You need to be signedin to comment on this post. Login.
Zach Tilton
March 9, 2022
Hi Dana, thanks for the great videos here. I have been using what I learned in this video a lot lately. However, I recently hit a roadblock when running a chisquare test on two variables in a data set I am working with. Both variables are factors, but one has a level or value I don't want to include in the analysis because it doesn't make sense and would bias my test.

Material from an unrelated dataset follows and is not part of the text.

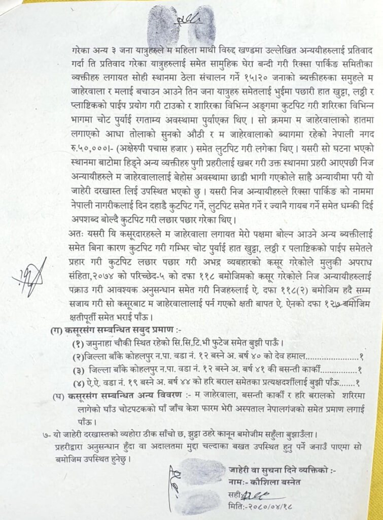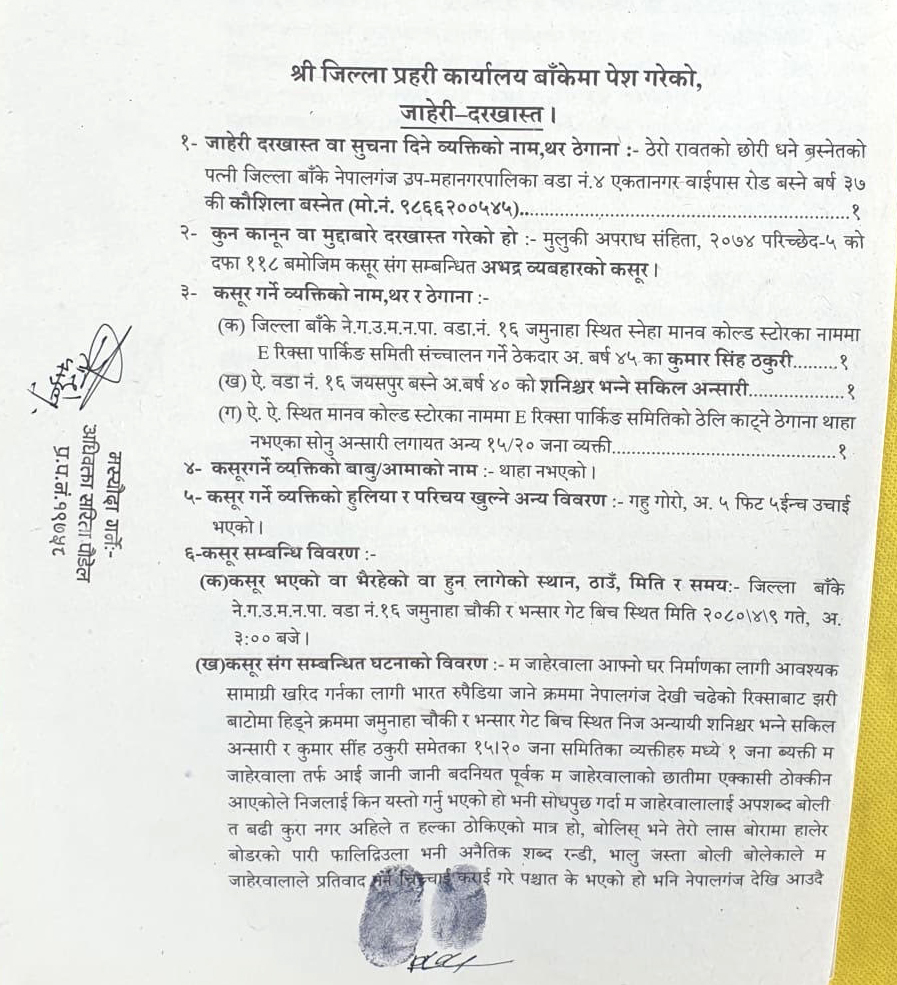 नेपालगन्ज उपमहानगरपालिकाले दुई वर्षको सम्झौता गरी स्नेहा मानव कोल्ड स्टोरको नाममा ठेक्का दिएको थियो भने संचालक कुमार सिंह ठकुरी र सकिल अन्सारी लगायत १५–२० जनाको समूहले २०८० साउन ९ गते करिब ३ बजे ३७ वर्षकी महिला कौशिला बस्नेतमाथि कुटपिट र लुटपाट गरेको बिषयमा उजुरी पर्दा ती व्यक्तिहरुको नाममा पक्राउ पुर्जी जारी भई फरार समेत भएका थिए ।

To explain, for this test I am looking at the relationship between evaluation report type and generic evaluation use, where report type has the levels "written", "oral", "both", or "none" (which is what I am attempting to filter out) and where generic use has the dichotomous levels of "yes" or "no".
When I run the following code, the "none" level still shows up in the tabyl output, despite the fact I seem to have successfully filtered that level from the original dataframe. This prevents the test from working, though it does show the residuals.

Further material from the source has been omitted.